PILCO: a model-based data efficient policy search algorithm
Content
Introduction
Modern RL often suffers from data inefficieny. For example, have a look at a recent paper of openAI [1]. They require no more than several mounth of training with 32 NVIDIA V100 GPUs ( ~8000 £/ unit) and 400 workers with 32 CPU cores each. In the overall, it corresponds to roughly 13 thousand years of experience. Despite the impressive result on solving a Rubik’s cube using one dexterous robotic hand, the hardware and time requirements are unsitable for real world robotic applications.

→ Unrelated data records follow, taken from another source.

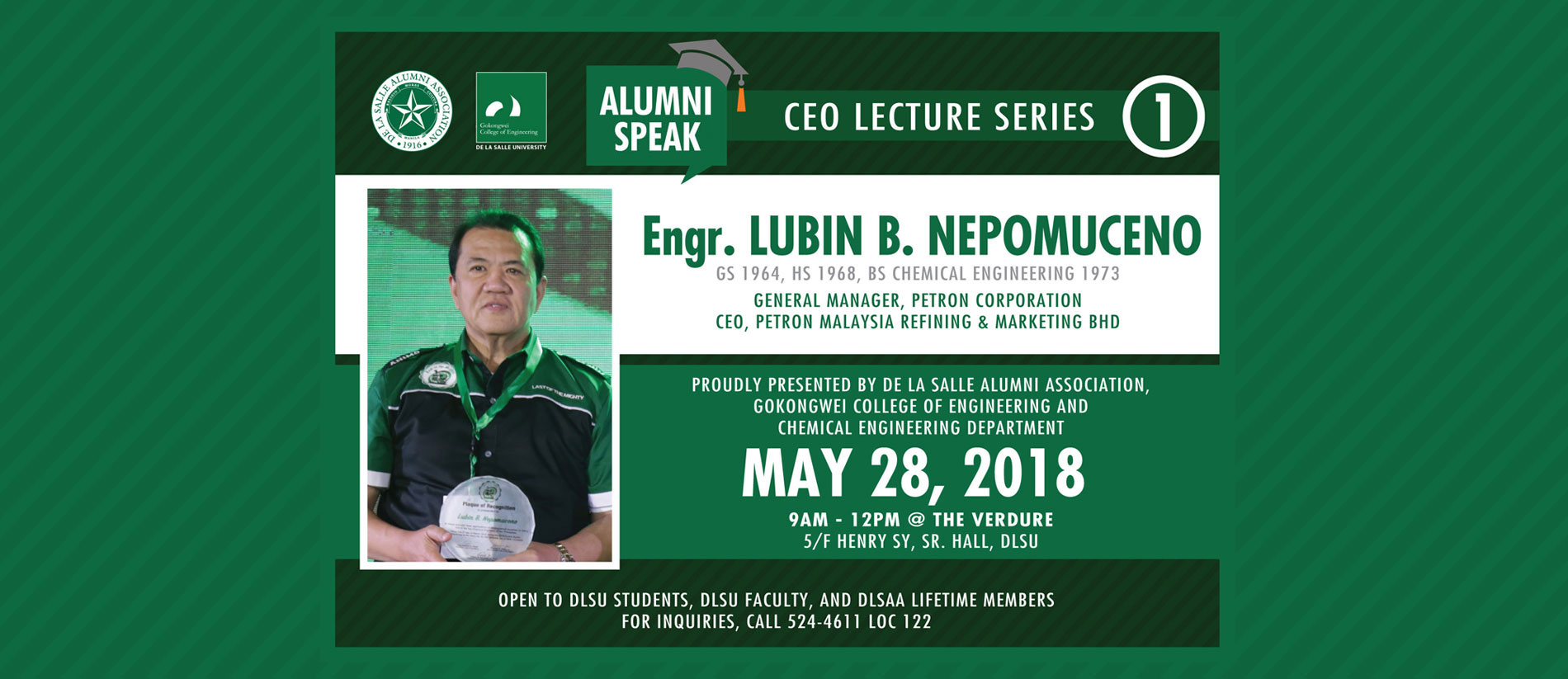 Come and learn how our guest speaker, Engr. Lubin B. Nepomuceno, climbed his way up to become one of our prominent LaSallian alumni.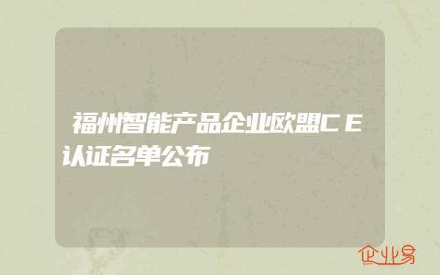 - 福州智能产品企业欧盟CE认证名单公布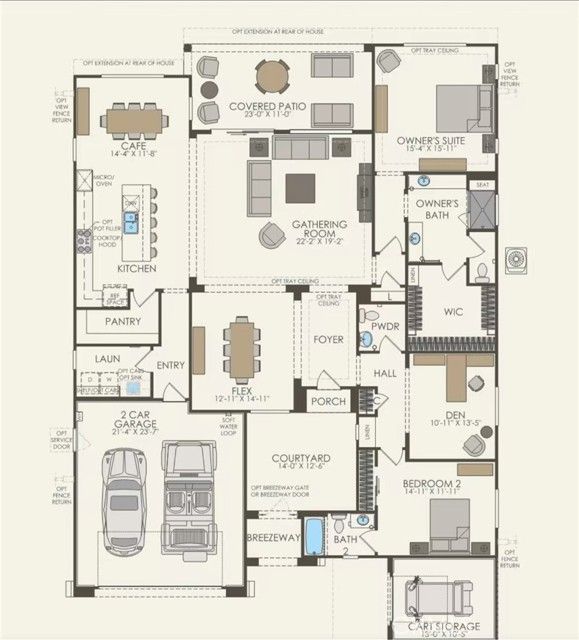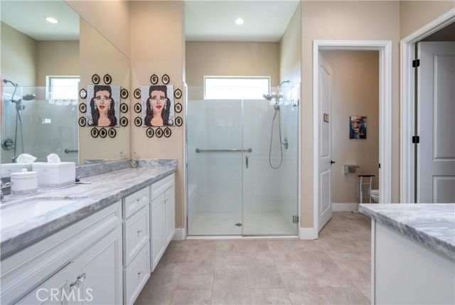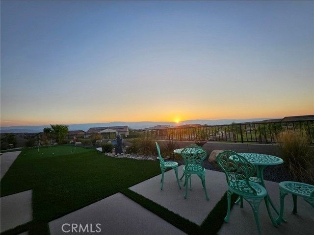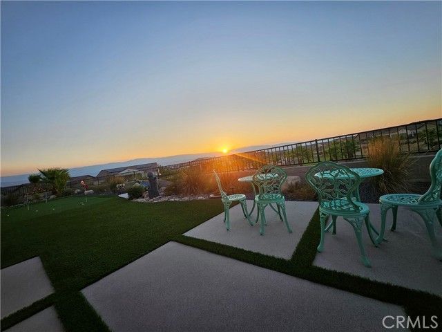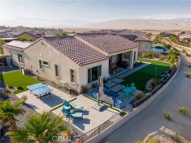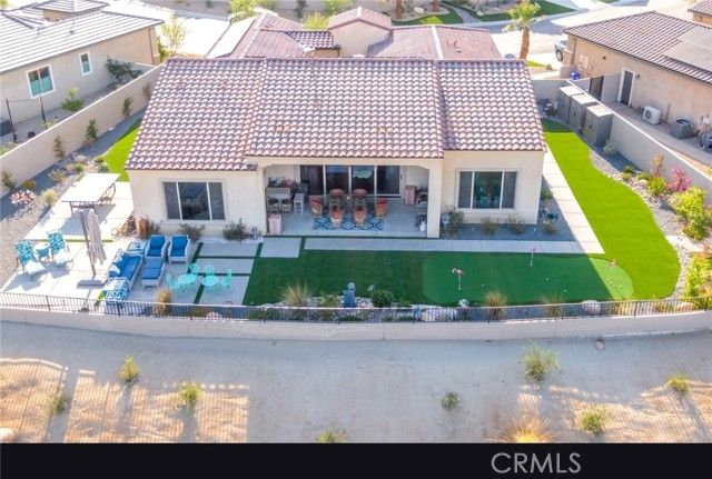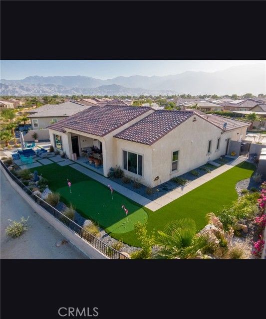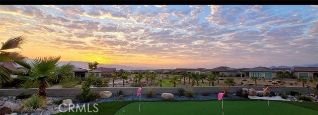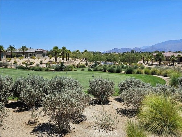 Welcome to a Journey floorplan at Del Webb Rancho Mirage that stands apart from the rest. Situated on an expansive, professionally landscaped lot with large side yards, this home offers breathtaking views that will captivate you, especially during the stunning desert sunrises. After entering through a private courtyard, upon opening the front door you'll immediately notice the high-end upgrades, including composite stone flooring throughout the home. The great room is an entertainer's dream, featuring wall-to-wall sliding doors that create a seamless transition between indoor and outdoor living. The chef's kitchen boasts KitchenAid appliances, an upgraded cabinet package, large island with an eating bar, walk-in pantry and dining area that looks out to your own 3 hole putting green. The adjacent bonus room, currently a music room, offers flexible space that can be adapted to fit your needs. The owner's suite, with private access to the patio, has an ensuite bath that features dual vanities and a spacious walk-in shower with a built-in bench. The large walk-in closet has been thoughtfully customized with extra hanging space, drawers, cupboards, and shoe racks. The back bedroom, offers a private entry, full bath, ceiling fan, and walk-in closet. The hall bath, conveniently located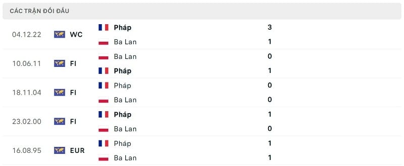 Kết quả đối đầu các trận gần đây nhất của Pháp vs Ba Lan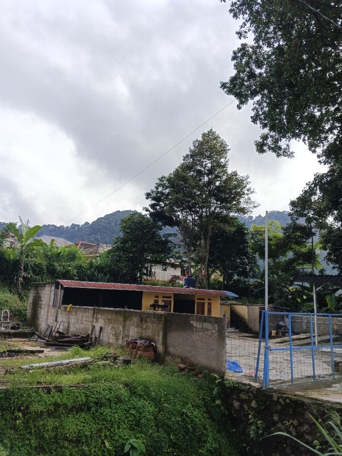 A low-angle shot reveals a yellow building with a red roof behind a gray concrete wall, partially obscured by lush green vegetation. A mountain range rises in the background under a cloudy sky, interspersed with trees. A blue fence encloses a paved area, and a large tree stands to the right, partially framing the scene. A power line stretches across the sky.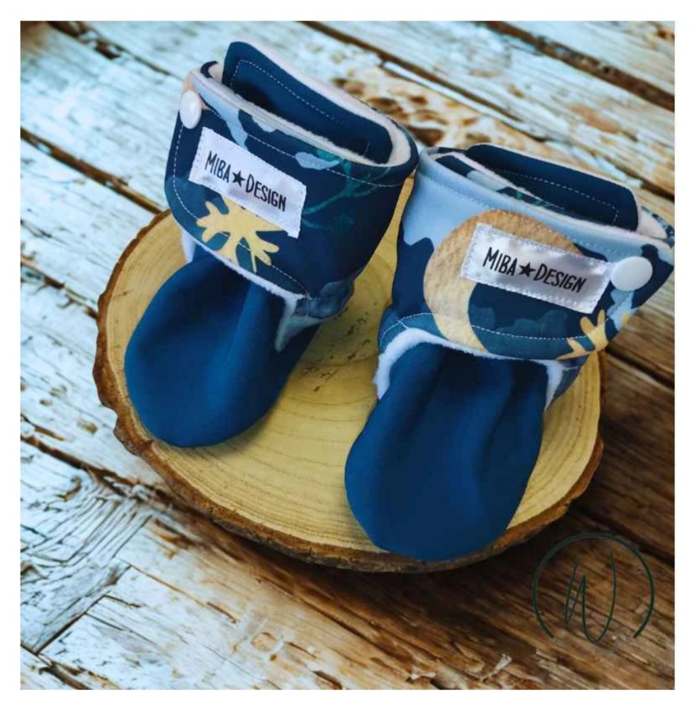 Softshellové capáčky pro miminka zateplené beránkem pro děti vhodné do kočárku výborně padnou na nohu a mají dostatečně širokou podrážku. v přední i zadní části je gumička  od velikosti 9-12m-12+ protiskluzová podrážka Zapínání na suchý zip +patent   velikosti 0-3m -10,5cm 3-6m-11,5cm 6-9m-12,5cm 9-... celý popis

One approach that still uses the RL paradigm is model-based RL. In this scenario, the agent can uses a model of the dynamics, i.e, how a given action \(u_t\) changes the state \(x_t\) of the system. Once this model is known, the agent can use it to find an policy. In other words, the model is a function \(\phi : \mathbf{S} \times \mathbf{A} \rightarrow \mathbf{S}\) where \(\mathbf{S} \in \mathbb{R}^N\) is the state space and \(\mathbf{A} \in \mathbb{R}^M\) is the action space. The issue however is that learning this model is a complex task. First, the data exploited to learn the model is noisy. Therefore, the model is only able to reach an approximation of the true dynamics. The second issue is known as model-bias. An illustration of model bias is shown in Figure [1]. Prediction from the model outside the training set are essentialy arbitrary but claimed with a high confidence.

Leftmost: function matching the data but making overconfident predictions.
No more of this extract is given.